Один за другим поднимались остальные и становились рядом, пока Зиги Бернгард не остался один. Он сидел на корточках на восточной стороне моста, хлюпал носом и ждал.
Дождь усилился. С неба лило и лило без конца. Плащ-палатки и маскировочные куртки уже давно набухли. Теперь материя всасывала воду, и все семеро до костей промокли. С касок вода стекала на плечи и впитывалась в ткань.
Шольтен стянул плащ, дал Хорберу в руки один конец, а другой стал выкручивать. Целые потоки мутной желто-зеленой воды потекли на мостовую.
– Ну что за свинство, черт подери!
Но вот, наконец, что-то нарушило это нудное, изнурительное ожидание. Какой-то штатский с восточной стороны поднялся на мост и подошел к ним.
– Что вы тут делаете? – Он как-то странно пришепетывал. – Расходитесь по домам, не заваривайте здесь кашу. Война все равно проиграна.
Шольтен сообразил, почему этот штатский шепелявит. У него нет зубов. Наверно, потерял вставную челюсть или оставил ее дома, чтобы не посеять под конец войны. Новую челюсть достать не так-то просто.
Шольтен и Хорбер спокойно дали этому типу выговориться. На какой-то миг черноволосый Шольтен даже посочувствовал ему: «До чего же он ничтожен по сравнению со мной, до чего же ничтожен!» И вдруг ни с того ни с сего в нем вспыхнула ярость.
– Мост будем оборонять, приказ генерала!
Хорбер с удивлением взглянул на товарища – тот говорил, как взрослый, хладнокровно и резко. И тут до него дошло. Шольтен говорил в точности, как генерал. Он подражал ему, но от этого становилось как-то не по себе. Шольтен закричал. Юношеский высокий голос, который казался всегда таким ровным и бесстрастным, сорвался.

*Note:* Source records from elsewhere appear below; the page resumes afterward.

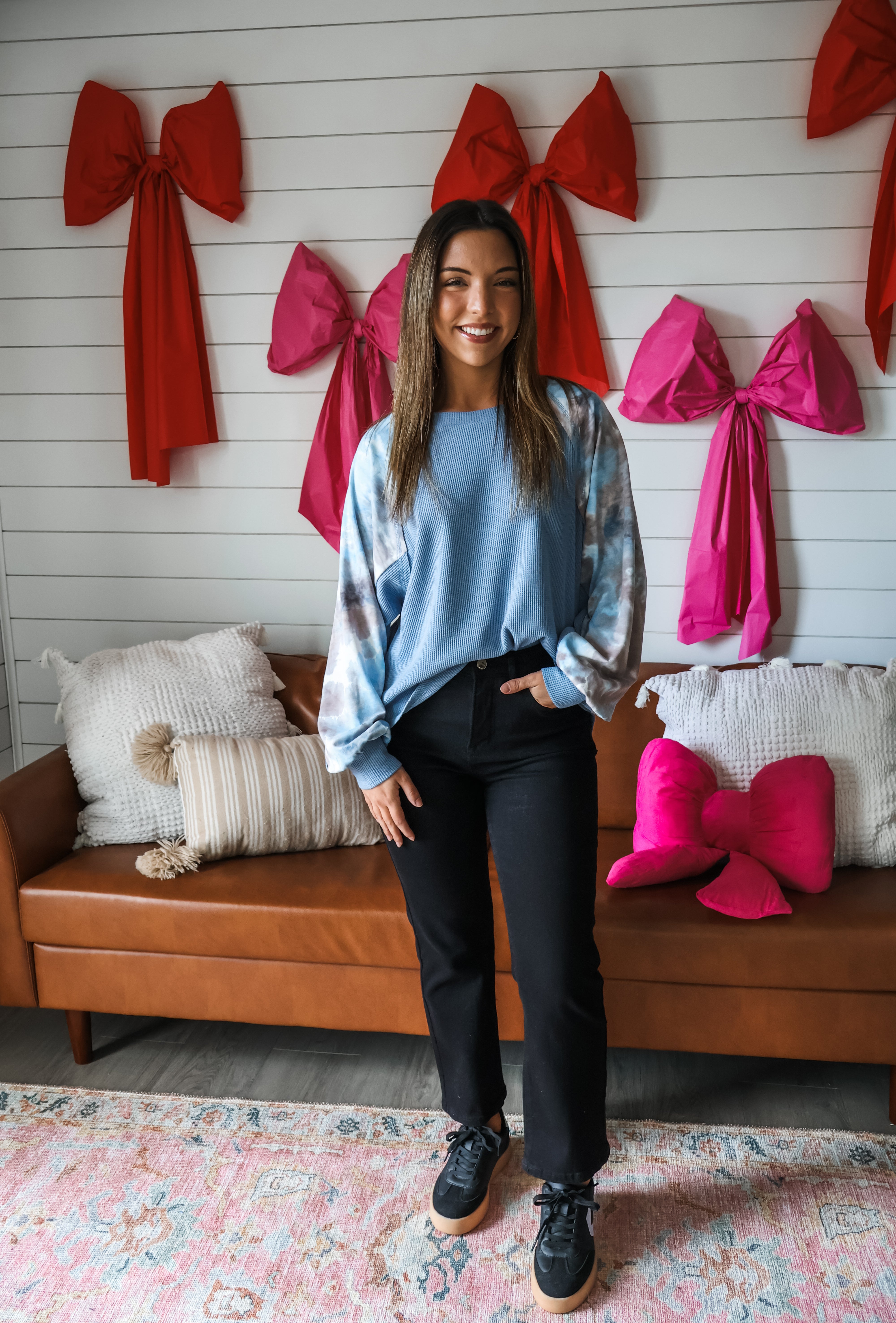 Step into spring with pops of color and print! We are obsessed with the tie dye sleeve design, it’s such a fun contrast against the soft waffle knit! Featured in an oversized dolman silhouette with a crewneck, raglan balloon sleeves, exposed seaming and a curved high low hem.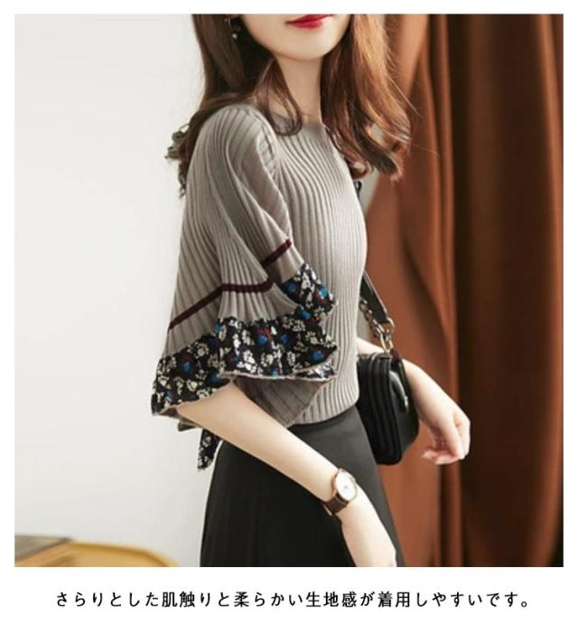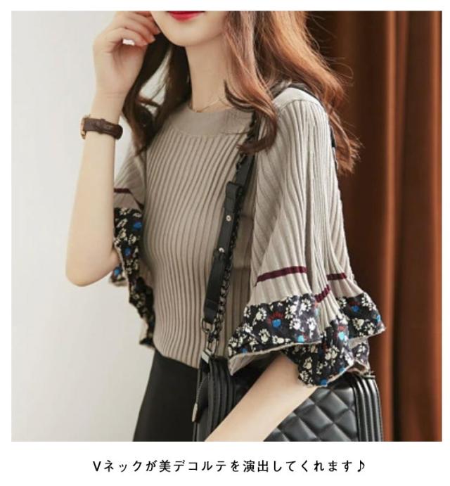 | 大人エレガントな袖フレアサマーニットトップス 袖口にが可愛らしいデザインニット フレアスリーブで気になる腕周りもカバーしてくれて女性らしさを引き立たせるポイントに◎。 Vネックが美デコルテを演出してくれます♪ さらりとした肌触りと柔らかい生地感が着用しやすいです。 | |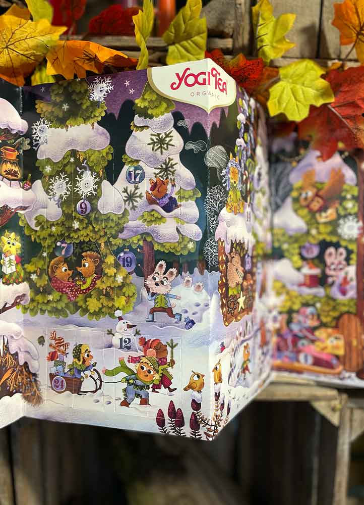 Vivez pleinement les émotions des fêtes et patientez jusqu’à Noël avec le superbe calendrier de l’Avent YogiTea et ses 24 sachets d’infusions, présentées sous forme d’éventail à exposer près de votre sapin ou sur le manteau de votre cheminée.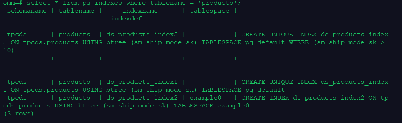 CREATE UNIQUE INDEX ds_products_index3 ON tpcds.products(SM_SHIP_MODE_SK) WHERE SM_SHIP_MODE_SK>10;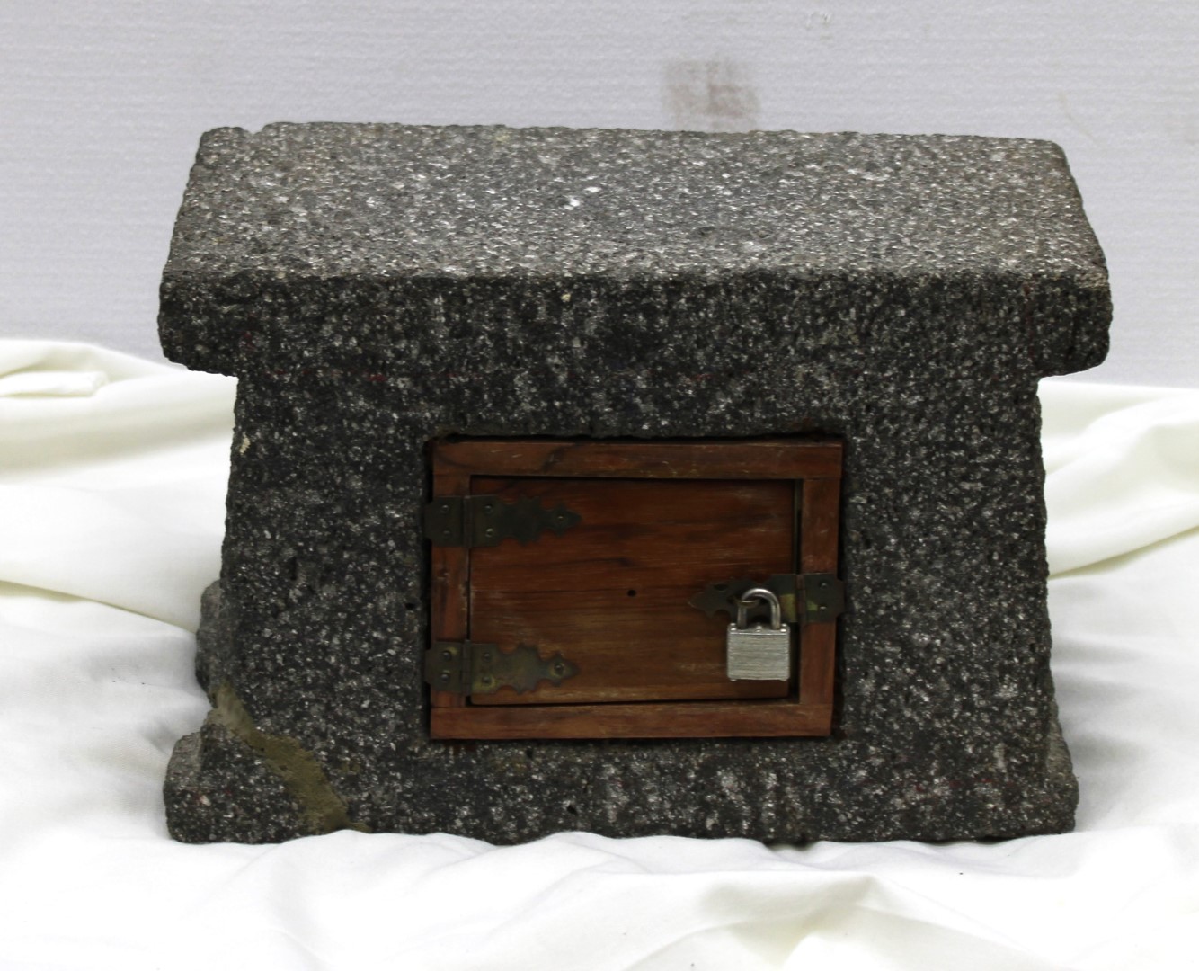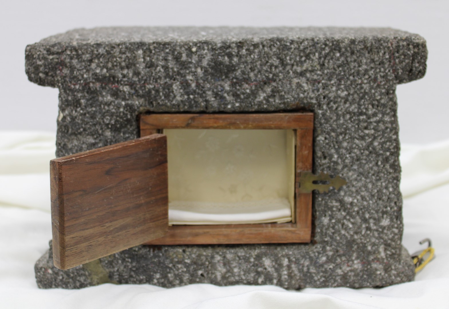 This is a previously owned chapel sized tabernacle made of stone. This piece is in fair condition and lined on the interior.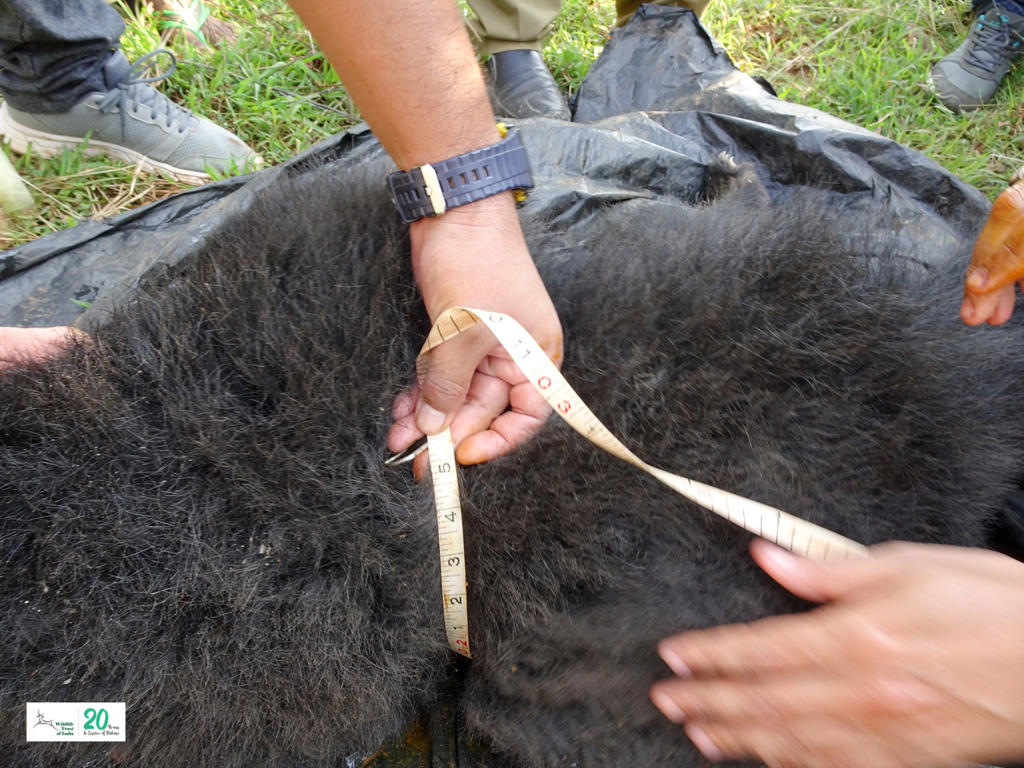 The wild boars in the area are known to destroy the paddy fields. So, locals of Balasore often set up snare traps to catch them and avoid any damage to the crop. Accidentally, a one-and-a-half-year-old bear cub got trapped in one such snare . Due to this, there was a huge crowd around the site where the cub was caught, and the local police managed the crowd with the help of Forest Department. The team tranquilised the young cub, treated her wound and gave medicines to support healing. She was then reunited with his mother the same night. Not only was this a successful rescue, but also a reunion of the cub with her mother. Such an exercise is a great instance of well-coordinated efforts of Forest Department, MVS, Hon. Wildlife Warden and local police.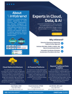 We build technology solutions for federal agencies that address the challenges associated with big data, custom application development, emerging technologies and training. Our Agile, innovative approach and experience as a prime contractor managing a broad portfolio of government projects allow us to rapidly understand and solve the most complex issues in ways that reduce risk and increase efficiency.

– Что вам здесь нужно? Прячьтесь скорее в свое убежище! Живо!
Штатский смотрел на них, не понимая. В глазах его был ужас. Потом он зашагал, прошел пять, десять метров и вдруг помчался, словно его травили собаками, и исчез.
Семеро подавленно молчали.
И тут Хорбер рассмеялся, он прямо давился со смеху, хватался за живот.
– Видели? – заливался он. – Ускакал, как кенгуру!
Но смех был какой-то ненастоящий. Все почувствовали это, а Шольтен сказал:
– Не подавись!
Бернгард уже не плакал. Первым заметил это Хагер, он сказал Борхарту, тот – Форсту, и, наконец, новость дошла до Шольтена.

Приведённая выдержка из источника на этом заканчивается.